Natural disaster
A natural disaster is the highly harmful impact on a society or community following a natural hazard event. Some examples of natural hazard events include: flooding, drought, earthquake, tropical cyclone, lightning, tsunami, volcanic activity, wildfire.[1] A natural disaster can cause loss of life or damage property, and typically leaves economic damage in its wake. The severity of the damage depends on the affected population's resilience and on the infrastructure available.[2] Scholars have been saying that the term natural disaster is unsuitable and should be abandoned. Instead, the simpler term disaster could be used, while also specifying the category (or type) of hazard.[3][4][5] A disaster is a result of a natural or human-made hazard impacting a vulnerable community. It is the combination of the hazard along with exposure of a vulnerable society that results in a disaster.
For other uses, see Natural disaster (disambiguation).
In modern times, the divide between natural, human-made and human-accelerated disasters is quite difficult to draw.[6][7][8] Human choices and activities like architecture,[9] fire,[10][11] resource management[11][12] and climate change[13] potentially play a role in causing natural disasters. In fact, the term natural disaster was called a misnomer already in 1976.[5]
Natural disasters can be aggravated by inadequate building norms, marginalization of people, inequities, overexploitation of resources, extreme urban sprawl and climate change.[6] The rapid growth of the world's population and its increased concentration often in hazardous environments has escalated both the frequency and severity of disasters. Extreme climates (such as those in the Tropics) and unstable landforms, coupled with deforestation, unplanned growth proliferation and non-engineered constructions create more vulnerable interfaces of populated areas with disaster-prone natural spaces. Developing countries which suffer from chronic natural disasters, often have ineffective communication systems combined with insufficient support for disaster prevention and management.[14]

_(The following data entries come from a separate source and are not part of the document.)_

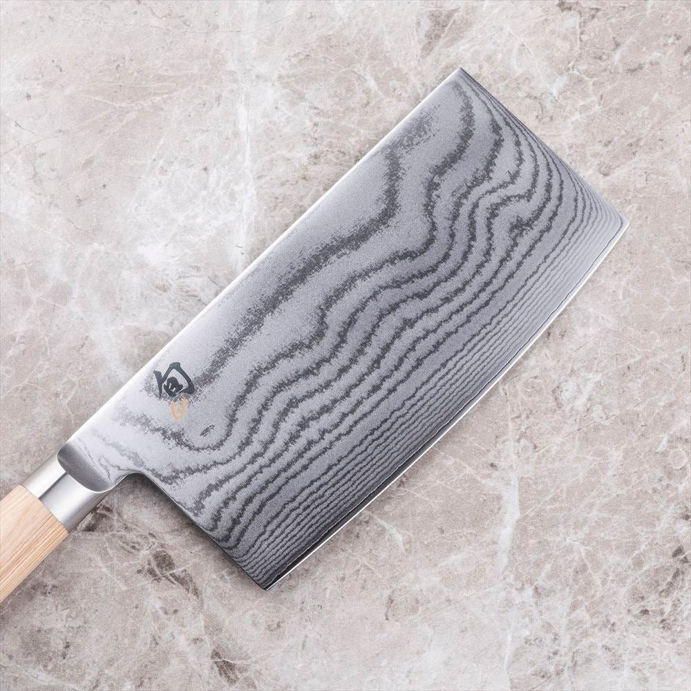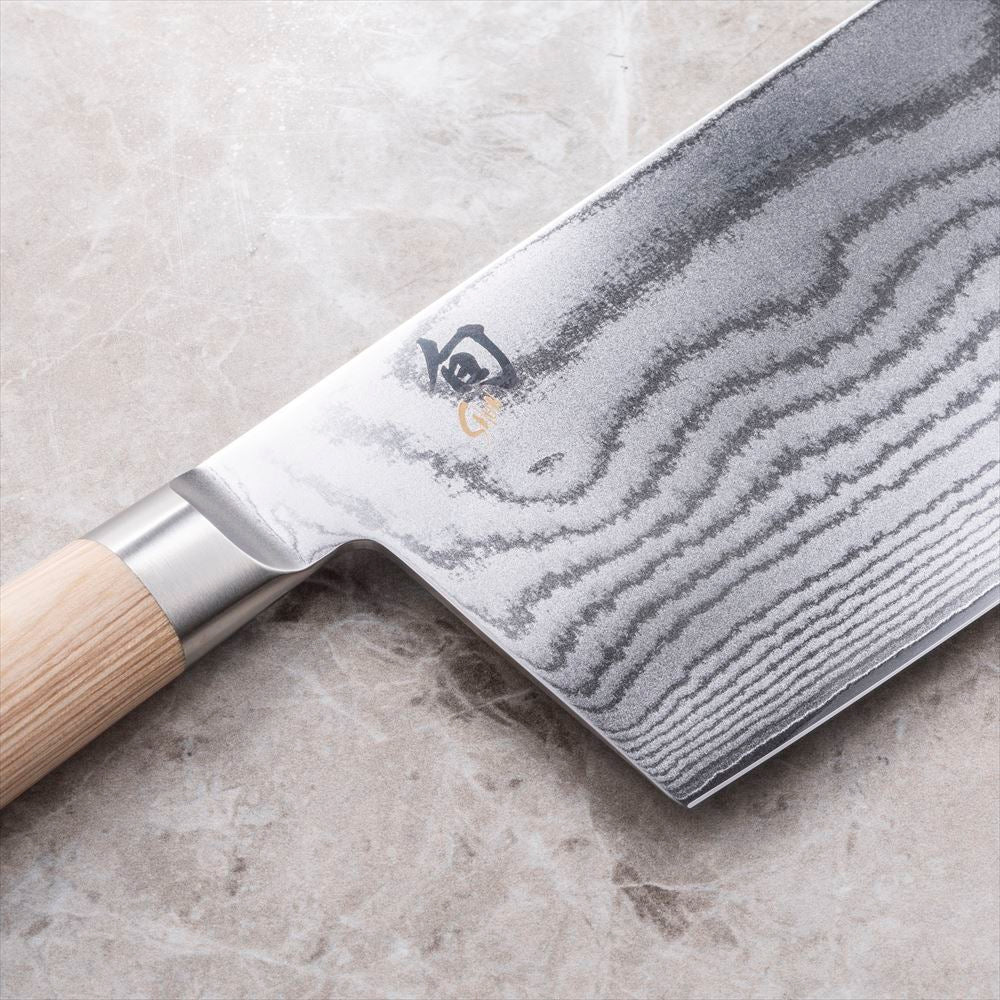 【旬】為日本貝印刀具最高級別的系列。【旬】Classic Blonde系列VG-MAX 33層大馬士革紋中華片刀,以旬獨有的VG-MAX不鏽鋼作為芯鋼,硬度高、耐用、耐酸,不易生鏽。刀刃以極薄雙邊16度開鋒刀刃,切割感佳。手柄採用D型積層強化木設計,貼服防跣,更富握感。
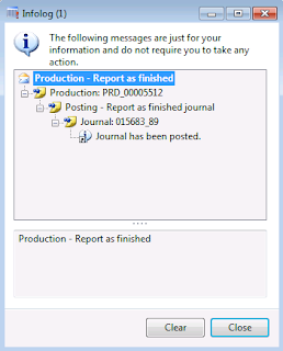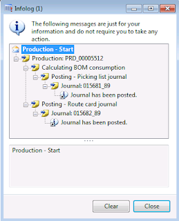 As the result the following message will be displayed informing that Picking list journal and Route card journal have been posted for the consumption of material and labor
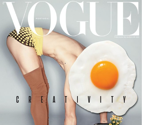 Редакция португальского Vogue для мартовского номера, посвященного креативности , создала сразу две обложки с яйцами в главной роли: одно – обычное, а второе – в виде глазуньи.
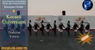 2019 Türkiye Üniversite Sporları Federasyonu Halk Oyunları Yarışması Klasman Ligi Grubu Artistik Dal Kategorisi Kocaeli Üniversitesi – Trabzon Yöresi Teknik Puan: 21,33 Artistik Puan: 21,67 Toplam Puan: 21,53

An adverse event will not rise to the level of a disaster if it occurs in an area without a vulnerable population.[15][16] Once a vulnerable population has experienced a disaster, the community can take many years to repair and that repair period can lead to further vulnerability. The disastrous consequences of natural disaster also affect the mental health of affected communities, often leading to post-traumatic symptoms. These increased emotional experiences can be supported through collective processing, leading to resilience and increased community engagement.[17]
Multi-hazard analysis
Each of the natural hazard types outlined above have very different characteristics, in terms of the spatial and temporal scales they influence, hazard frequency and return period, and measures of intensity and impact. These complexities result in "single-hazard" assessments being commonplace, where the hazard potential from one particular hazard type is constrained. In these examples, hazards are often treated as isolated or independent. An alternative is a "multi-hazard" approach which seeks to identify all possible natural hazards and their interactions or interrelationships.[90][91]
Many examples exist of one natural hazard triggering or increasing the probability of one or more other natural hazards. For example, an earthquake may trigger landslides, whereas a wildfire may increase the probability of landslides being generated in the future.[91] A detailed review of such interactions across 21 natural hazards identified 90 possible interactions, of varying likelihood and spatial importance.[91] There may also be interactions between these natural hazards and anthropic processes.[92] For example, groundwater abstraction may trigger groundwater-related subsidence.[93]
Effective hazard analysis in any given area (e.g., for the purposes of disaster risk reduction) should ideally include an examination of all relevant hazards and their interactions. To be of most use for risk reduction, hazard analysis should be extended to risk assessment wherein the vulnerability of the built environment to each of the hazards is taken into account. This step is well developed for seismic risk, where the possible effect of future earthquakes on structures and infrastructure is assessed, as well as for risk from extreme wind and to a lesser extent flood risk. For other types of natural hazard the calculation of risk is more challenging, principally because of the lack of functions linking the intensity of a hazard and the probability of different levels of damage (fragility curves).[94]